Immunomodulatory drugs (IMiDs) are the current backbone of standard and experimental combination myeloma therapies at all stages of the disease. However, the majority of patients inevitably relapse and the mechanisms of resistance are still poorly understood. Previous studies looking for genetic drivers of resistance have looked for changes in core members of the CRL4CRBN E3-ubiquitin ligase complex (CUL4-RBX1-DDB1-CRBN) and identified mutations in the protein to which IMiDs bind, cereblon (CRBN), but at a rate that cannot account for resistance in the majority of patients [1, 2]. Several in vitro studies have now identified novel upstream and downstream regulators of CRBN activity that could have a role in IMiD resistance and have not been previously examined in patient samples [3,4,5,6]. In this study paired presentation and relapse samples from newly diagnosed patients recruited to a clinical trial of IMiD therapies were used to investigate the role of mutations in all genes currently implicated in IMiD activity. Infrequent mutations in CRBN itself were identified that could be a cause of IMiD resistance in some patients. CRBN and other genes in the IMiD response pathway were mutated at low frequency and, in many cases, at low clonal fraction suggesting that mechanisms other than mutations, for example post-translational modification or epigenetic alterations, may underlie resistance acquisition.

The mechanism of action of IMiDs in myeloma has been partly elucidated. Binding of the IMiDs within a tri-tryptophan pocket on the surface of CRBN alters substrate specificity of the CRL4CRBN E3-ubiquitin ligase complex, leading to the ubiquitination of neosubstrates such as the C2H2 zinc finger domain-containing B-cell transcription factors Ikaros (gene name: IKZF1) and Aiolos (IKZF3), which are then degraded via the proteasome [7,8,9]. Ikaros and Aiolos degradation results in the subsequent downregulation of their target genes, including interferon regulatory factor 4 (IRF4) and c-Myc, which are transcription factors regulating stages of B-cell development. IRF4 is thought to be the key driver of aberrant transcriptional regulation in myeloma, with its downregulation causing cell death. Clinical response rates to IMiDs are high but the majority of patients will inevitably relapse. Understanding IMiD resistant and refractory states is therefore imperative to help us improve patient outcomes.
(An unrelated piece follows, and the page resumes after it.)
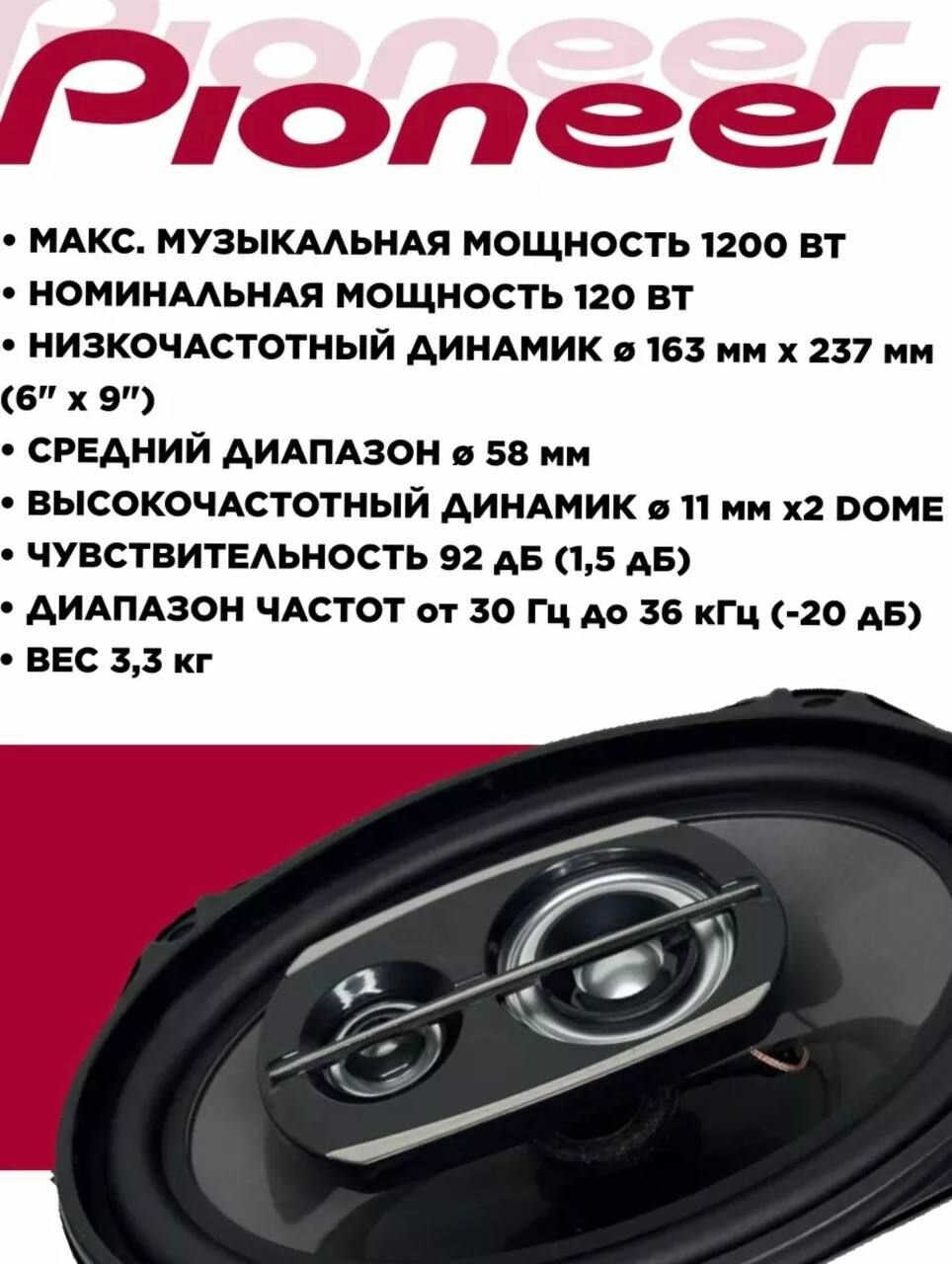 Автомобильные динамики "Pioneer TS-A6999A" / Комплект из 2 штук / Коаксиальная акустика 3-х полосная, Овал 15х23 См (6х9 Дюйм.), 1200 Вт. информация:

Recent in vitro studies have improved our understanding of the mechanisms of control of the cereblon IMiD response pathway implicating genes encoding components of the core CRL4CRBN E3-ligase complex and the COP9 signalosome, as well as IMiD-induced neosubstrates and downstream targets [3,4,5,6, 10]. Liu et al. [4], Sievers et al. [5], and Tateno et al. [6] performed genome-wide screens of myeloma cell lines to identify genes implicated in IMiD response. All three screens identified subunits of the CRL4CRBN complex as important for IMiD sensitivity, in line with the previously published IMiD mechanism of action [11]. The screens also all identified components of the COP9 signalosome as important in determining IMiD sensitivity, including COPS1 [10], COPS2, and COPS4 [4, 6] and COPS5 [3,4,5,6, 10]. Tateno et al. [6], in addition, identified NEDD8, which is critical for the activation of the CRL4 E3-ligase, as having a role in IMiD response and highlighted the influence of the subcellular localisation of CRBN. Sievers et al. [5] found that the loss of E2 ubiquitin-conjugating enzymes UBE2D3 and UBE2G1, as well as DEPDC5, a GAP Activity Towards Rags complex 1 (GATOR1) member, reduced degradation of the neosubstrate IKZF3. Zinc finger transcription factors such as IKZF1, IKZF3, and SALL4 are well-described neosubstrates for CRBN in the presence of the IMiDs thalidomide, lenalidomide, and pomalidomide. Donovan et al. [3], using a proteomic screen, demonstrated the degradation of these neosubstrates upon IMiD treatment of cell lines and also identify a number of other neosubstrates, many of which are zinc finger proteins; ZNF827, ZNF98, and GZF1. They also identify non-zinc finger targets CSNK1A1 and DTWD1 [3].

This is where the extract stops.